Managing Business Expenses When Cash Gets Tight

By Veechi Curtis

Most businesses experience tough times now and again. While the best answer for increasing profitability is usually to boost sales, sometimes you get to a point where you feel you can’t increase sales any more. Your only choice may be to grab a sharp scalpel and start cutting expenses.

Get your most recent Profit & Loss report for the last 12 months, grab a highlighter pen, and circle your top six expense accounts. Ask yourself, how much would you save if you cut each of these expense accounts by 10 per cent? (Do the sums — you may be pleasantly surprised!)

The largest expense account for most businesses is wages. Finding savings in your wages bill can be tough emotionally, especially if you’re looking at cutting the hours of loyal and hardworking staff. However, sometimes you need to make hard decisions in order for your business to survive, and keep employing anybody at all. Ask yourself these questions:

  • Can you see any way you can make your business more efficient and save staff time?

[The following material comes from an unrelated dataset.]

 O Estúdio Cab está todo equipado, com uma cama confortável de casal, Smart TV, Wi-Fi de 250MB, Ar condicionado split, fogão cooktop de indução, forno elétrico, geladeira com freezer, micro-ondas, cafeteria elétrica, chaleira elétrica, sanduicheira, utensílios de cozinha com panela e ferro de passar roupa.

Maybe you could implement new systems, train staff in using software better, process more information online or replace face-to-face sales with telemarketing.

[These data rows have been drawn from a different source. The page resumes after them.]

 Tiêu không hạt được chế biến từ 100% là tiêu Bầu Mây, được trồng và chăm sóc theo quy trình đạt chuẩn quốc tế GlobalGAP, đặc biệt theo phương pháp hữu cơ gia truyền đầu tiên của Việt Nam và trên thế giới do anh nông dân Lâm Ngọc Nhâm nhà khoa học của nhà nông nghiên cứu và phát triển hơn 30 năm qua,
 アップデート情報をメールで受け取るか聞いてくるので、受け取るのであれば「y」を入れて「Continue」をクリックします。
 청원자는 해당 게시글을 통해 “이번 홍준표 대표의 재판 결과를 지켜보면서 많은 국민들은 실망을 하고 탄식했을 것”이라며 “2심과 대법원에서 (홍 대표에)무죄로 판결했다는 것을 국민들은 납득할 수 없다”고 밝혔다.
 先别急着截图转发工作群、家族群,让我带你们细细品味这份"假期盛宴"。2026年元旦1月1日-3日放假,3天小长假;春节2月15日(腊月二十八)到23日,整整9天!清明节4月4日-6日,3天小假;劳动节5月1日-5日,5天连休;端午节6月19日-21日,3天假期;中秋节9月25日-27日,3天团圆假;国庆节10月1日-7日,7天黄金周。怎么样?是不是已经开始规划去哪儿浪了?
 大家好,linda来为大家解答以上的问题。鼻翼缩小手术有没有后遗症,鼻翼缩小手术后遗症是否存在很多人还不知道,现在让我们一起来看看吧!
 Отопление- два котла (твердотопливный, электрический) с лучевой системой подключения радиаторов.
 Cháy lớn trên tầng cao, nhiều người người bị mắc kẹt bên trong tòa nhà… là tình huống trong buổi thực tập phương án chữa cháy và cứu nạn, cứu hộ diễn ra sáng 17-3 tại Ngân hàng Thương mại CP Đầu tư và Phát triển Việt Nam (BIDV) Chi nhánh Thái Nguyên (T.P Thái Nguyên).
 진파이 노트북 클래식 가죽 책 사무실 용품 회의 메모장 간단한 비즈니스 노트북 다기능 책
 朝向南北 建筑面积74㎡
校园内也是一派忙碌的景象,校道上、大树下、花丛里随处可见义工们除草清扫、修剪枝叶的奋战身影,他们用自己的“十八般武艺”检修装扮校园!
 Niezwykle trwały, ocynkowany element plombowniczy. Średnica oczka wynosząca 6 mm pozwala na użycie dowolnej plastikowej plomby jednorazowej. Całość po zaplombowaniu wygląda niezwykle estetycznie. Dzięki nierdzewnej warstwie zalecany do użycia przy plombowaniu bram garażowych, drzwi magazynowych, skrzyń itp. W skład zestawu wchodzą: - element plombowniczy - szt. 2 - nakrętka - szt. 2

  • Can you cut staff hours and still get the same work done? Some staff may welcome a reduction in hours, maybe leaving early a couple of days per week. Even if you can’t negotiate a reduction in someone’s total weekly pay, you may be able to offer additional time off instead of a pay rise, a solution that works well if minimum wages are due to increase.

  • Look at the peaks and troughs of your business. Do you employ full-time staff who have prolonged quiet periods at certain times of year? If so, you may be better substituting at least one or two full-timers with casual staff or subcontractors.

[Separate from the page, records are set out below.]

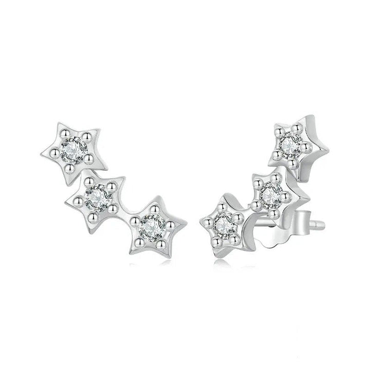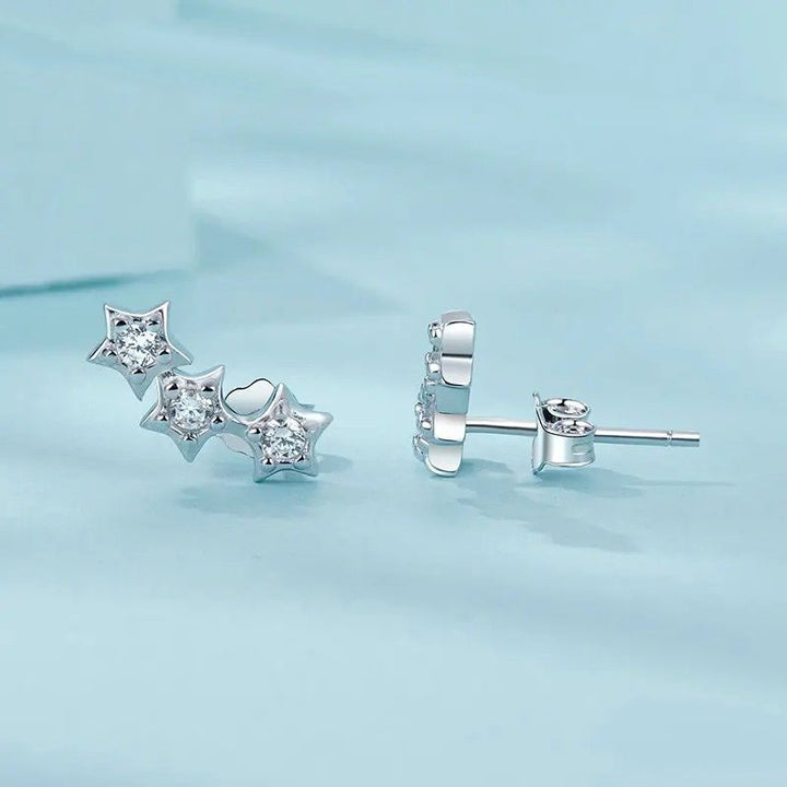 ? [Description] The shimmering star stud earrings symbolizes hope, dreams, and guidance. They convey a belief in positivity, upward striving, and the pursuit of dreams with the figure of stars.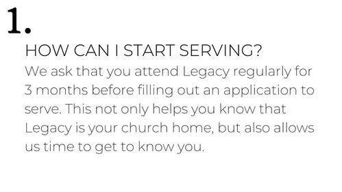At Legacy we consider serving the Lord and His people an honor and privilege. We would like to come alongside you, to help find your place to serve here at Legacy. Here are a few answers to the most frequently asked questions.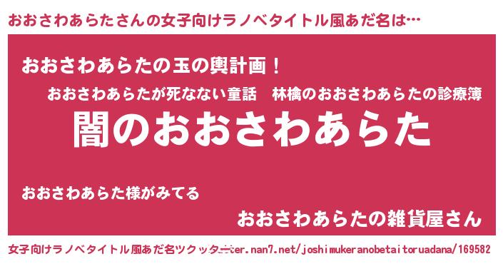 | 男性向けラノベタイトル風あだ名 | 『Re:おおさわあらたから始める異世界生活』 |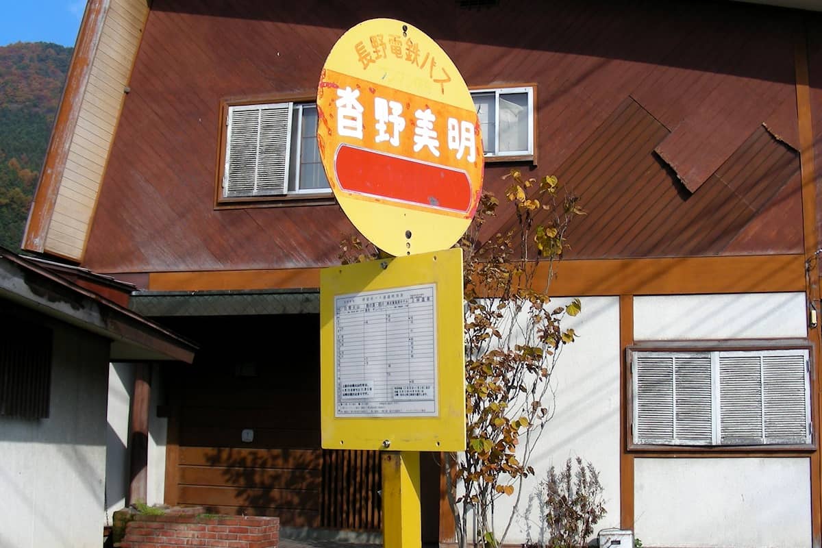 アクセスは湯田中駅から長電バス「志賀高原」「白根火山」「上林温泉」行で8分「沓野美明(くつのみみょう)」下車、徒歩数分です。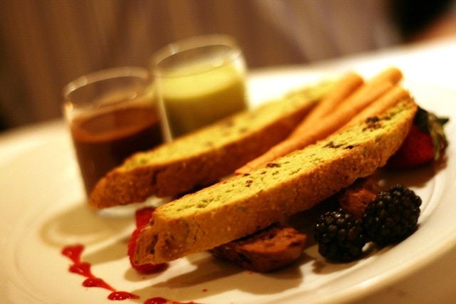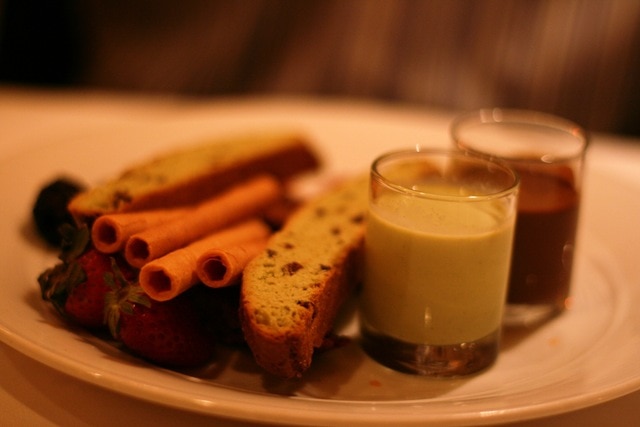 The mint anglaise was insanely good — it tasted like melted mint chocolate chip ice cream! May or may not have taken a sip directly from the shot glass, to Matt’s horror. Don’t judge. You would have done the same thing had you tasted this stuff. The biscotti was awesome, too!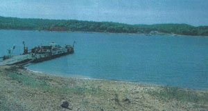 Today, the spot where the old village once stood is covered by about 15 feet of lake water, and the 1934 concrete bridge remains standing, about 80 feet under the surface of Norfork Lake.

  • Do any of your staff spend time doing work that they’re over-qualified for? Could you replace some of this staff time with a junior employee?

  • When did you last review your systems? If your business has been in operation for more than five years, chances are you could streamline your bookkeeping and financial systems (and save on staff time) by using new technology such as cloud accounting software, bank feeds and electronic payments.

The other major outgoing for many businesses is the cost of things you buy to resell, or cost of materials for manufacture. For retailers, wholesalers and manufacturers, a reduction in cost of sales or raw materials of as little as 2 or 3 per cent can make a big impact. Negotiate hard with suppliers for better pricing, and be prepared to jump ship if another supplier offers a more competitive deal.

For all other key expenses, generate a report that lists every transaction for the last 12 months. Read these reports line by line and ask yourself, was every single payment completely necessary?

You can sometimes find reductions in expenses where at first you feel you have little flexibility. For example, maybe in the past you’ve thought of rent as being a fixed amount that isn’t open to negotiation. However, try to think outside the box. Is there any space you could sublet? Could you approach your landlord and ask for a 12-month reduction? (The worst that can happen, assuming you have a lease in place, is that the landlord says no.) Is it worth looking for alternative premises?

The good news is this: Even if you feel you already run a very tight ship, chances are you can still find ways to reduce expenses, create some breathing space, and generate that extra bit of profit.